Stored entries:
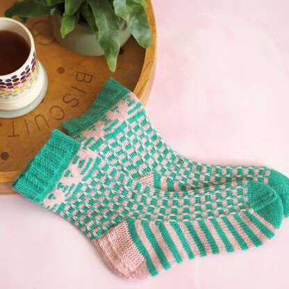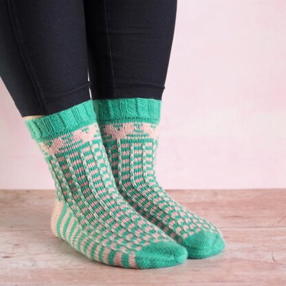 Imagine hearts, balloons and joyful colours, and then the name Uplifting might make sense. The pattern is created using only slipped stitches, making it an easy pattern to knit. Uplifting is worked from the top down using 4 ply / fingering weight yarn.
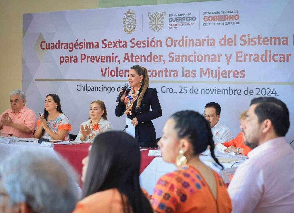 Chilpancingo, Gro., 25 de noviembre del 2024. – Con el llamado a combatir toda forma de violencia contra las mujeres, la gobernadora Evelyn Salgado Pineda presidió la 46ª Sesión del Sistema Estatal para Prevenir, Atender, Sancionar y Erradicar la Violencia contra la Mujer, donde reafirmó su compromiso de seguir implementado acciones integrales que impulsen su desarrollo, garantizando en Guerrero una vida libre con bienestar.
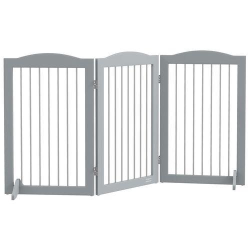 Besoin de restreindre l'accès de vos animaux ? La barrière de sécurité pour chien PawHut, avec trois panneaux et des charnières robustes, se configure facilement. Structure en MDF stable, montage au sol avec pieds larges pour plus de stabilité. Installation rapide, cette barrière en bois est une solution efficace et sécurisée pour limiter les zones accessibles aux animaux.
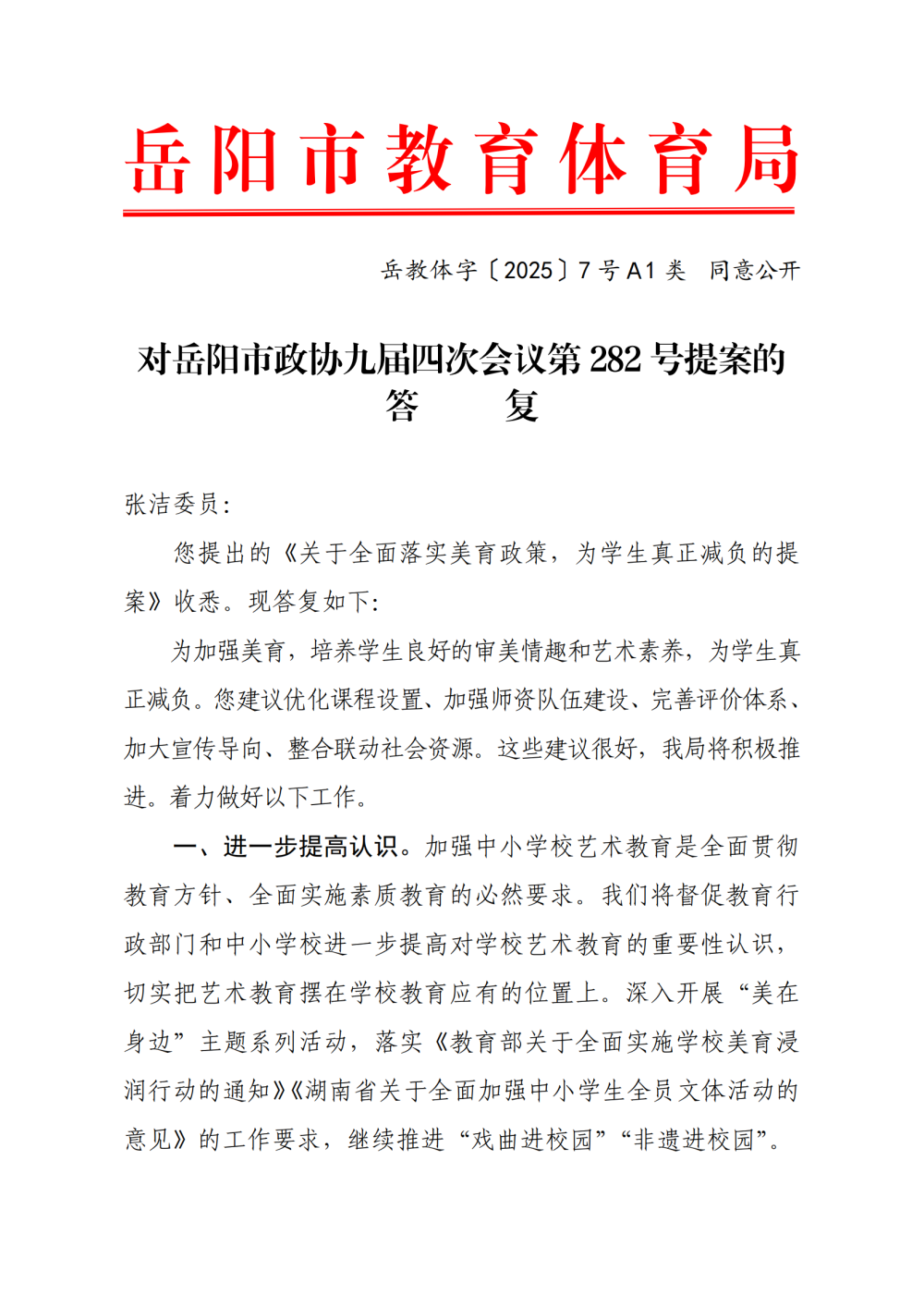 岳教体字〔2025〕7号对岳阳市政协九届四次会议第282号提案的答复
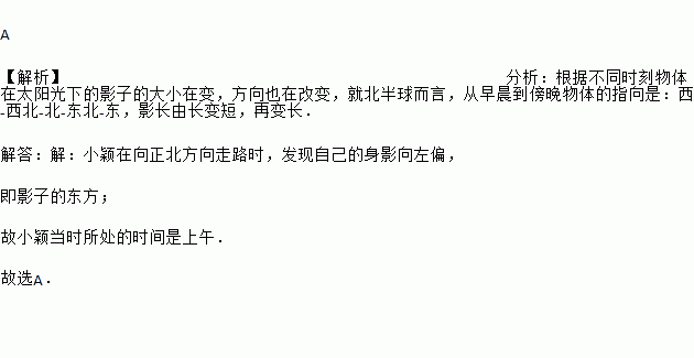 在一个晴朗的天气里,小颖在向正北方向走路时,发现自己的身影向左偏,你知道小颖当时所处的时间是( )
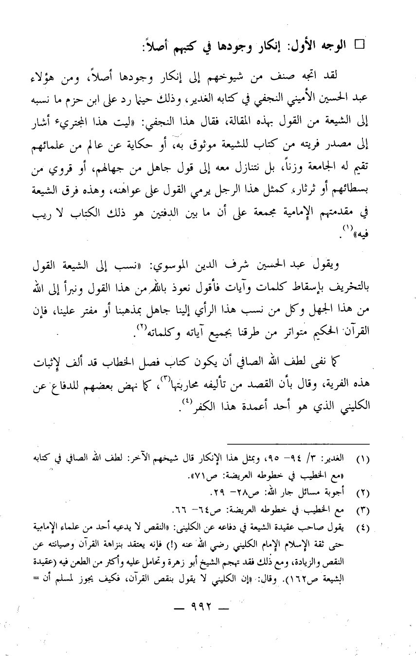 كما نفى لطف الله الصافي أن يكون كتاب فصل الخطاب قد ألف لإثبات هذه الفرية، وقال بأن القصد من تأليفه محاربتها (¬3) ، كما نهض بعضهم للدفاع عن الكليني الذي هو أحد أعمدة هذا الكفر (¬4) .
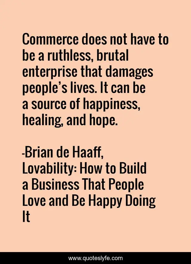 This page presents the quote "Commerce does not have to be a ruthless, brutal enterprise that damages people’s lives. It can be a source of happiness, healing, and hope.". Author of this quote is Brian de Haaff, Lovability: How to Build a Business That People Love and Be Happy Doing It. This quote is about leadership, product-management, business,.
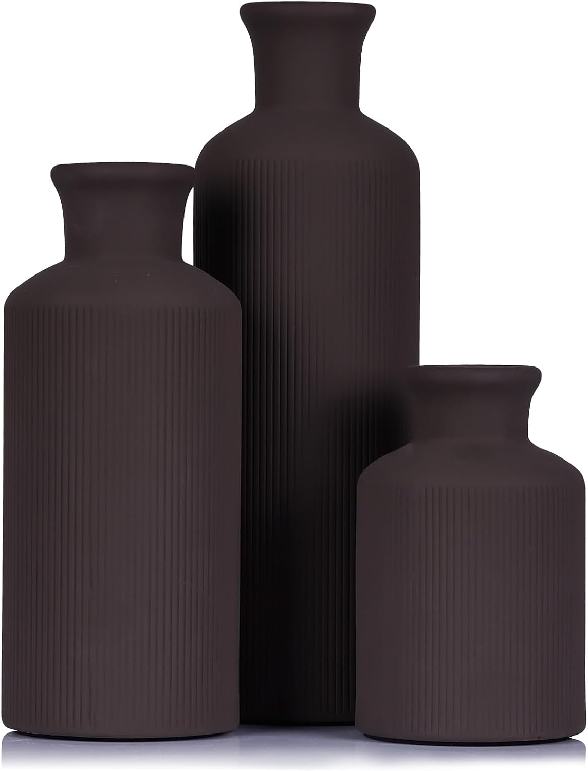 - Piece Ceramic Vase Set: This decorative vase set includes three complementary sizes, designed for versatile styling. Perfect for showcasing dried flowers, pampas grass, faux florals, or as standalone accents.
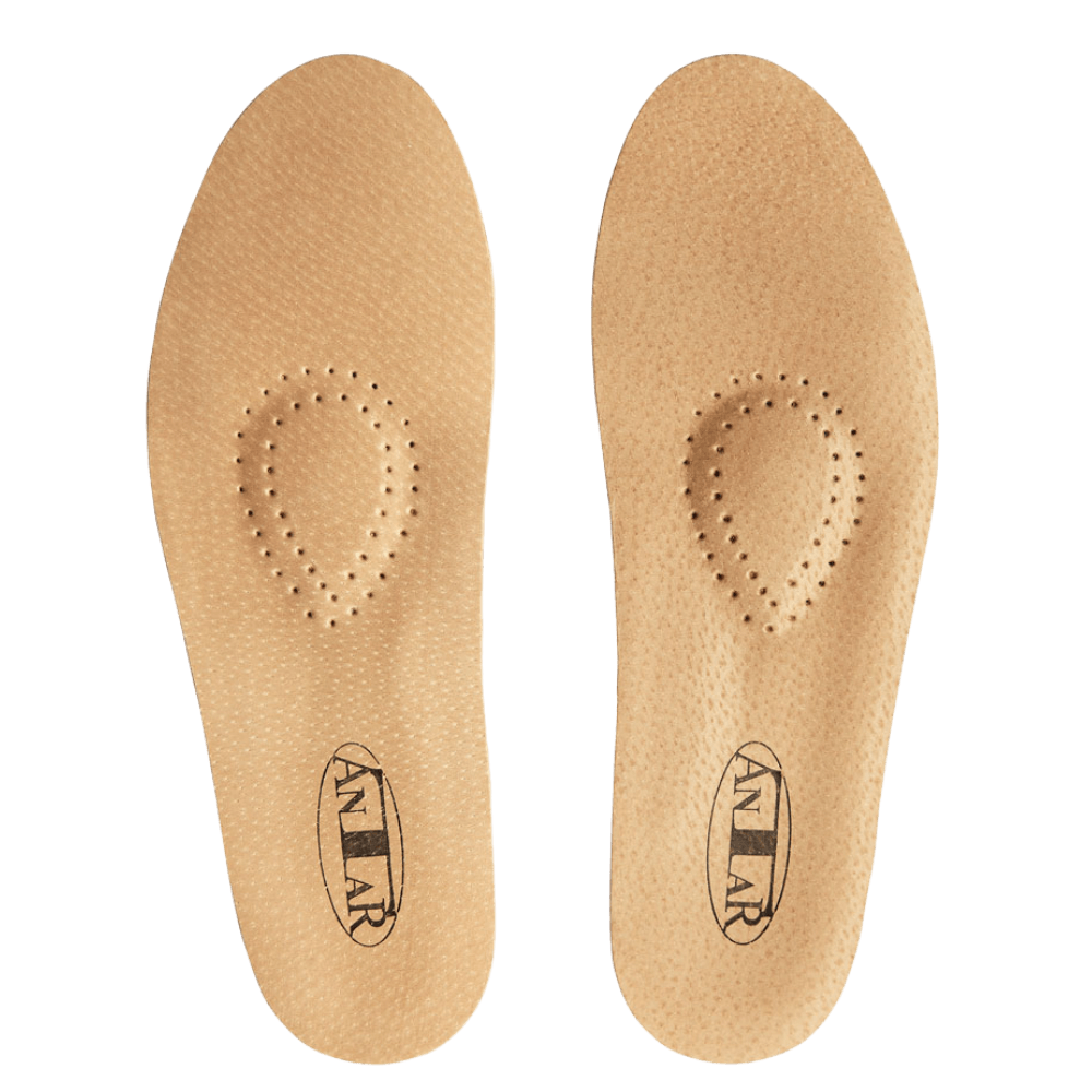Wkładki ortopedyczne, skórzane przeciw płaskostopiu poprzecznemu i podłużnemu na sztywnym podzespole AT53501 - Antar
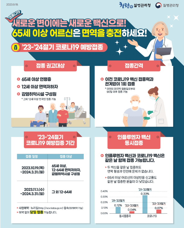 65세 이상, 12세 이상 면역저하자, 감염취약시설 구성원, 고위험군 소아 및 영유아는 접종 권고 대상입니다.
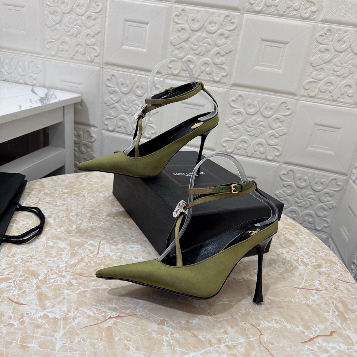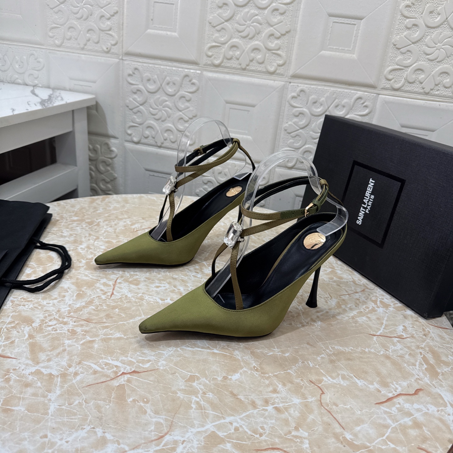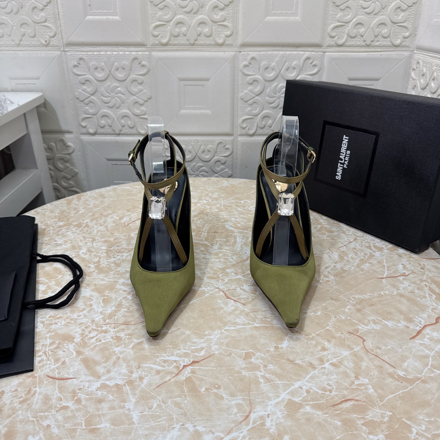 這款鞋子是AAAAA 1:1 質量(非常棒). 使用了和原版一模一樣的材料. 商標部分也保持了和聖羅蘭/Saint Laurent一樣. 圖片拍攝是實物鞋子拍攝, 您所收到的實物保證和我們圖片一模一樣.
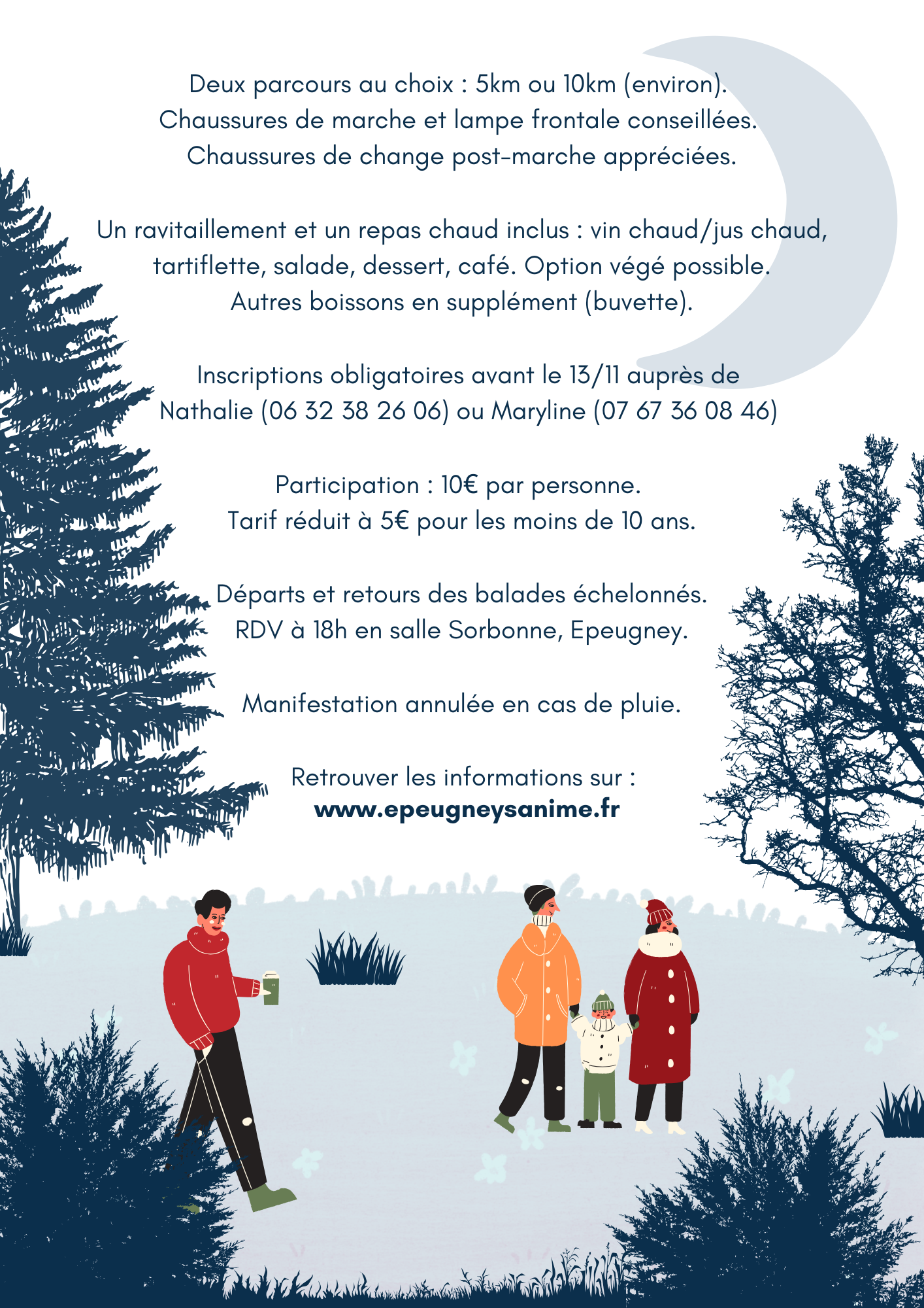 Epeugney s'anime vous donne rendez-vous le samedi 15 novembre, à 18h, en salle Sorbonne à Epeugney, pour le départ de la troisième édition de notre marche nocturne.
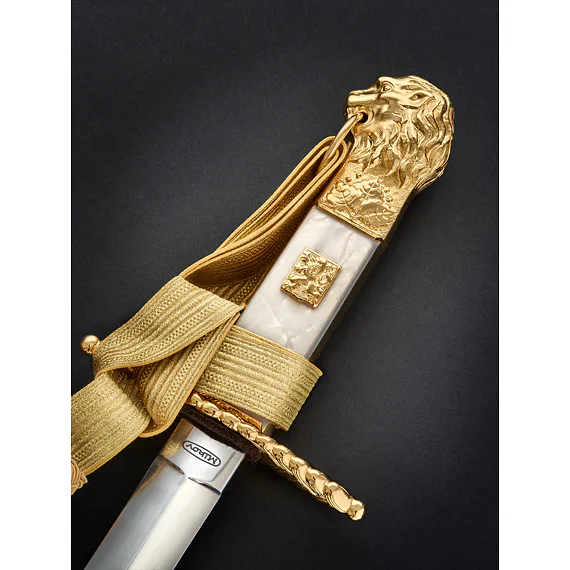 Všechny viditelné kovové části pochvy jsou ve zlaceném provedení.
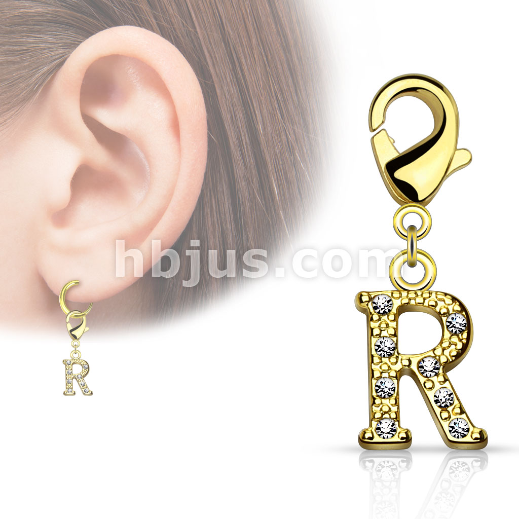 CZ Paved 14Kt. Gold Plated Initial Charms With Lobster Claw for Belly Rings, Bracelets and More

▶ PROBLEM STATEMENT
Your answer must be the full set of entries, set down exactly and without pictures.

▶ RESPONSE
 Imagine hearts, balloons and joyful colours, and then the name Uplifting might make sense. The pattern is created using only slipped stitches, making it an easy pattern to knit. Uplifting is worked from the top down using 4 ply / fingering weight yarn.
 Chilpancingo, Gro., 25 de noviembre del 2024. – Con el llamado a combatir toda forma de violencia contra las mujeres, la gobernadora Evelyn Salgado Pineda presidió la 46ª Sesión del Sistema Estatal para Prevenir, Atender, Sancionar y Erradicar la Violencia contra la Mujer, donde reafirmó su compromiso de seguir implementado acciones integrales que impulsen su desarrollo, garantizando en Guerrero una vida libre con bienestar.
 Besoin de restreindre l'accès de vos animaux ? La barrière de sécurité pour chien PawHut, avec trois panneaux et des charnières robustes, se configure facilement. Structure en MDF stable, montage au sol avec pieds larges pour plus de stabilité. Installation rapide, cette barrière en bois est une solution efficace et sécurisée pour limiter les zones accessibles aux animaux.
 岳教体字〔2025〕7号对岳阳市政协九届四次会议第282号提案的答复
 在一个晴朗的天气里,小颖在向正北方向走路时,发现自己的身影向左偏,你知道小颖当时所处的时间是( )
 كما نفى لطف الله الصافي أن يكون كتاب فصل الخطاب قد ألف لإثبات هذه الفرية، وقال بأن القصد من تأليفه محاربتها (¬3) ، كما نهض بعضهم للدفاع عن الكليني الذي هو أحد أعمدة هذا الكفر (¬4) .
 This page presents the quote "Commerce does not have to be a ruthless, brutal enterprise that damages people’s lives. It can be a source of happiness, healing, and hope.". Author of this quote is Brian de Haaff, Lovability: How to Build a Business That People Love and Be Happy Doing It. This quote is about leadership, product-management, business,.
 - Piece Ceramic Vase Set: This decorative vase set includes three complementary sizes, designed for versatile styling. Perfect for showcasing dried flowers, pampas grass, faux florals, or as standalone accents.
Wkładki ortopedyczne, skórzane przeciw płaskostopiu poprzecznemu i podłużnemu na sztywnym podzespole AT53501 - Antar
 65세 이상, 12세 이상 면역저하자, 감염취약시설 구성원, 고위험군 소아 및 영유아는 접종 권고 대상입니다.
 這款鞋子是AAAAA 1:1 質量(非常棒). 使用了和原版一模一樣的材料. 商標部分也保持了和聖羅蘭/Saint Laurent一樣. 圖片拍攝是實物鞋子拍攝, 您所收到的實物保證和我們圖片一模一樣.
 Epeugney s'anime vous donne rendez-vous le samedi 15 novembre, à 18h, en salle Sorbonne à Epeugney, pour le départ de la troisième édition de notre marche nocturne.
 Všechny viditelné kovové části pochvy jsou ve zlaceném provedení.
 CZ Paved 14Kt. Gold Plated Initial Charms With Lobster Claw for Belly Rings, Bracelets and More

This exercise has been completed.